▸ **BRIEF**: Please give the lines below again exactly as they stand, from the one that contains "Current AQHI |" up to and including the one that contains "通信障害などの何らかのエラー", leaving all pictures out.

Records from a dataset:
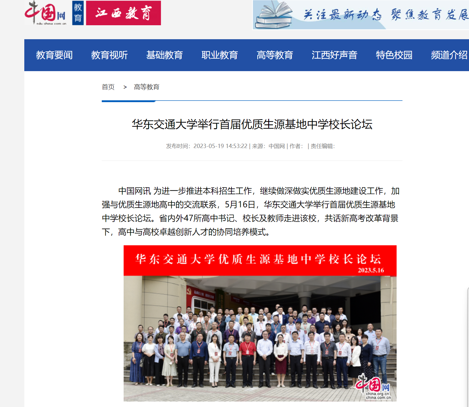 中国网讯 为进一步推进本科招生工作,继续做深做实优质生源地建设工作,加强与优质生源地高中的交流联系,5月16日,华东交通大学举行首届优质生源基地中学校长论坛。省内外47所高中书记、校长及教师走进该校,共话新高考改革背景下,高中与高校卓越创新人才的协同培养模式。
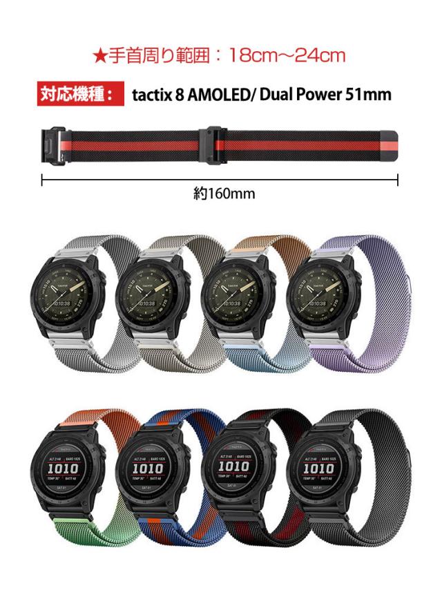 Garmin Descent G2 tactix 8 AMOLED tactix 8 Dual Power 51mm 交換 時計バンド オシャレな 高級ステンレス おしゃれ 替えベルト 綺麗な マルチカラー 磁気吸着 調節可能 簡単装着 人気 おすすめ 交換リストバンド ガーミン 腕時計バンド 交換ベルト
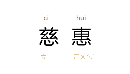 引《左传·成公十二年》:“於是乎有享宴之礼,享以训共俭,宴以示慈惠。共俭以行礼,而慈惠以布政。”汉 徐干 《中论·谴交》:“乡有大夫,必有聪明慈惠之人,使各掌其乡之政教禁令。”唐 韩愈 《顺宗实录五》:“皇太子某睿哲温文,宽和慈惠。”《西游记》第四七回:“虽则恩多还有怨,纵然慈惠却伤人。”柔石 《二月》一:“一副慈惠的微笑,在他两颊浮动着。”
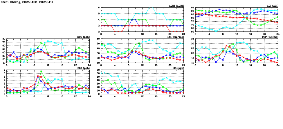 | Air Quality Data Time Series in Kwai Chung (2025/04/11) | ( Line colors: Day -3 Day -2 Day -1 Current day ) | 2D Map Current AQHI |
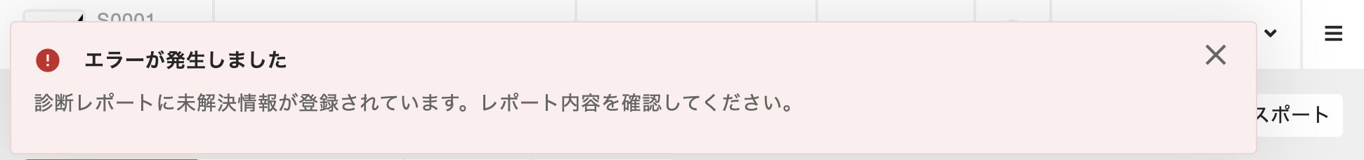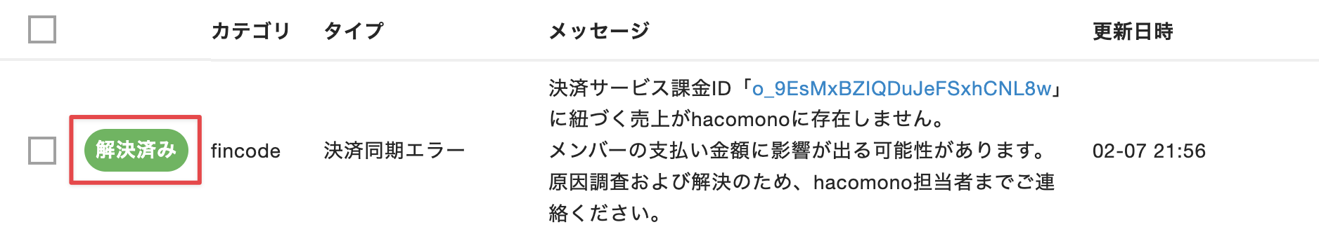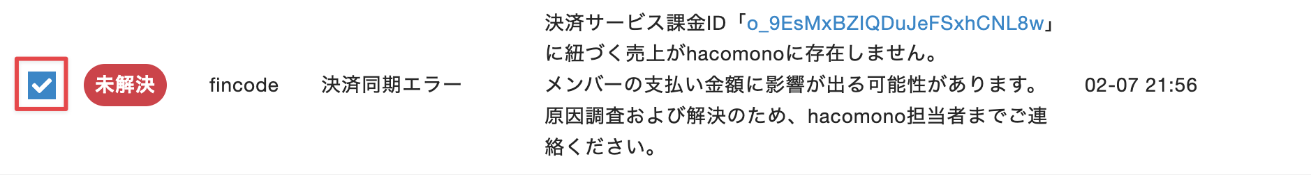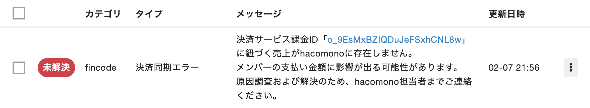 通信障害などの何らかのエラーによりhacomonoとfincodeのデータに不整合が検知された場合は、診断レポートが登録され、管理サイトにエラーメッセージが表示されます。
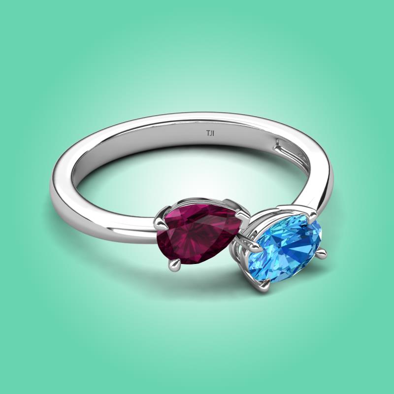 The Rhodolite Garnet Pear Shape and Blue Topaz Oval Shape Toi Et Moi Duo Ring of 1.90 ctw is the perfect representation of your unique and everlasting bond. The pear and oval shaped gemstones set in a Prong setting, complement each other perfectly, creating a stunning and timeless design that will capture the heart of your loved one, symbolizing your eternal love and commitment that will last a lifetime.
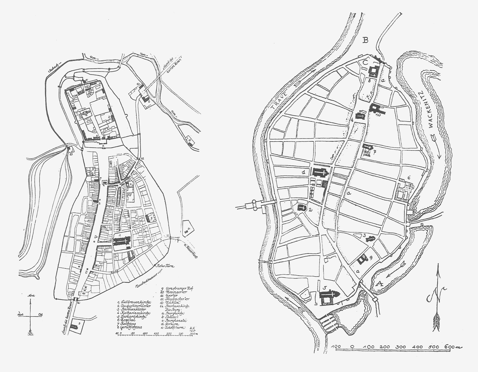 Plan of the medieval towns of Friedberg and Lübeck.
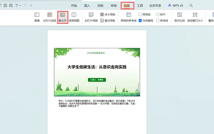 第五步,打开刚才制作的PPT,把讲解词拆分,并放到每一页的备注中,如下图所示。
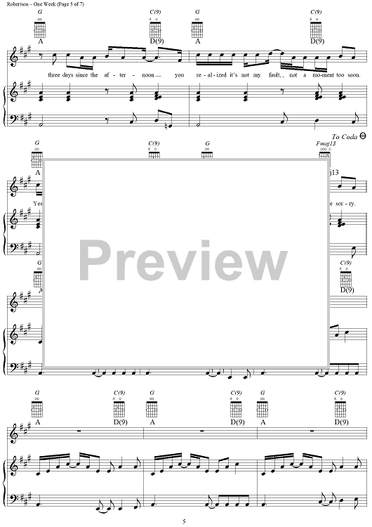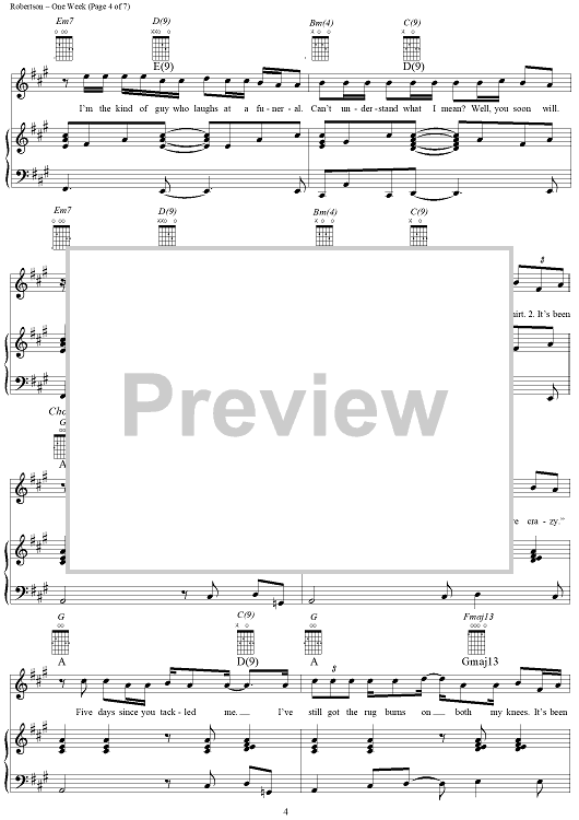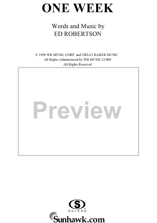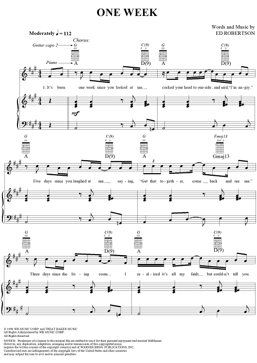 Digital Sheet Music for One Week by Ed Robertson, Barenaked Ladies scored for Piano/Vocal/Chords; id:255905

▸ **ANSWER BOX**:
 | Air Quality Data Time Series in Kwai Chung (2025/04/11) | ( Line colors: Day -3 Day -2 Day -1 Current day ) | 2D Map Current AQHI |
 通信障害などの何らかのエラーによりhacomonoとfincodeのデータに不整合が検知された場合は、診断レポートが登録され、管理サイトにエラーメッセージが表示されます。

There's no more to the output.